しゅんせつ工事業の一人親方労災保険 そして年収や仕事内容は!?

しゅんせつ工事業の一人親方労災保険 そして年収や仕事内容は!?

しゅんせつ工事業の一人親方労災保険は埼玉労災におまかせください。多数のしゅんせつ工事業の一人親方様に労災保険のご加入を戴いています。

しゅんせつ工事業は一人親方にとって、どんな仕事なのか、その年収と年収アップ方法は?そして下水道設備工事業の一人親方にとってのメリットやデメリットはどんなものがあるでしょうか?

しゅんせつ工事業の一人親方ってどんな仕事?

しゅんせつとは建設業上の表記では「しゅんせつ」とひらがななのですが、実際には漢字が存在しており浚渫(しゅんせつ)と書きます。

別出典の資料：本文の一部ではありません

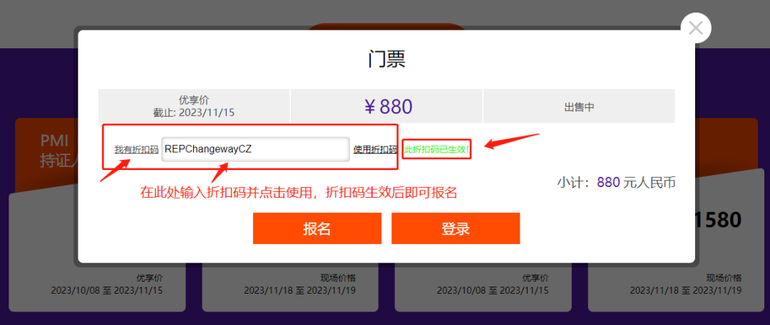 请参会者进入持证人报名窗口,点击折扣码,折扣码生效后,再进行下一步,报名时一定要填写PMI证书号码或者PMI ID,才能享受折扣报名。

浚渫とはどういう意味なのかというと、「浚」「渫」ともに、水底をさらうという意味を持つ漢字です。

要するに、地上の工事ではなく、水底の工事であることは間違いなさそうです。

具体的な工事内容はというと、河川や港湾ないの水底をさらって整備する工事のこと。

いまいちなにをするための工事なのかピンときませんよね。

しゅんせつ工事というのは、船が通る道を整備する仕事のことです。

たとえば大型船が港に入ってくるときは、とても重量も重く、水面下数十mにも及ぶ大きさの船もあることでしょう。

そういった船が護岸に近づくためには、かなりの深さが必要です。この水深をコントロールして航路を作る。これがしゅんせつ工事の役割です。

たまたま深い場所に港を作っているのではなく、船が通れる道を工事によって作っているわけですね。

しゅんせつ工事の種類

しゅんせつ工事には大きく分けて

  • ポンプしゅんせつ
  • グラブしゅんせつ

の2つの工事方法が存在します。

ポンプは読んで字の如く、ポンプを使って土砂を吸い出す方式です。

しゅんせつ船という船が存在し、工事を行う場所にポンプを設置して吸い上げます。

そしてもう1つがグラブしゅんせつ。グラブしゅんせつとは大きなハサミを海底に沈めて、掴み取る方式です。

ポンプ式に比べてグラブ式のほうが、狭い場所での作業もできてより海底のしゅんせつ工事ができます。

しゅんせつ工事業の年収は?

しゅんせつ工事業の年収の平均は420万円(2018年度)です。

建設業の平均と比べると少し高く、日本人の平均年収と同じ程度。

あくまでも平均ですが、年齢別の平均月収を比べてみると、幅が広く技術や経験によって年収は大きく変わってくるようです。

年齢による、会社にお勤めのしゅんせつ工事工事業の平均月収を見てみると

20代 22.3万円/月
30代 26.8万円/月
40代 38.2万円/月

という具合で、年齢によって上がっていくようです。

しゅんせつ工事といっても、幅がとても広いので、技術を持っているかどうかで、年収は大きく変わりそうです。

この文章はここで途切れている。